Heterostyly is a unique form of polymorphism and herkogamy in flowers. In a heterostylous species, two or three morphological types of flowers, termed "morphs", exist in the population. On each individual plant, all flowers share the same morph. The flower morphs differ in the lengths of the pistil and stamens, and these traits are not continuous. The morph phenotype is genetically linked to genes responsible for a unique system of self-incompatibility, termed heteromorphic self-incompatibility, that is, the pollen from a flower on one morph cannot fertilize another flower of the same morph.

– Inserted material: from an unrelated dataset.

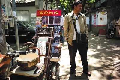 4月26日,一名古玩商人站在胡同口等待生意上门。

Heterostylous plants having two flower morphs are termed "distylous". In one morph (termed "pin", "longistylous", or "long-styled" flower) the stamens are short and the pistils are long; in the second morph (termed "thrum", "brevistylous", or "short-styled" flower) the stamens are long and the pistils are short; the length of the pistil in one morph equals the length of the stamens in the second morph, and vice versa.[1][2] Examples of distylous plants are the primrose and many other Primula species,[1][2] buckwheat, flax and other Linum species, some Lythrum species,[3] and many species of Cryptantha.[4]
Heterostylous plants having three flower morphs are termed "tristylous". Each morph has two types of stamens. In one morph, the pistil is short, and the stamens are long and intermediate; in the second morph, the pistil is intermediate, and the stamens are short and long; in the third morph, the pistil is long, and the stamens are short and intermediate. Oxalis pes-caprae, purple loosestrife (Lythrum salicaria) and some other species of Lythrum are trimorphic.[3]
The lengths of stamens and pistils in heterostylous flowers are adapted for pollination by different pollinators, or different body parts of the same pollinator. Thus, pollen originating in a long stamen will reach primarily long rather than short pistils, and vice versa.[1][2] When pollen is transferred between two flowers of the same morph, no fertilization will take place, because of the self-incompatibility mechanism, unless such mechanism is broken by environmental factors such as flower age or temperature.[5]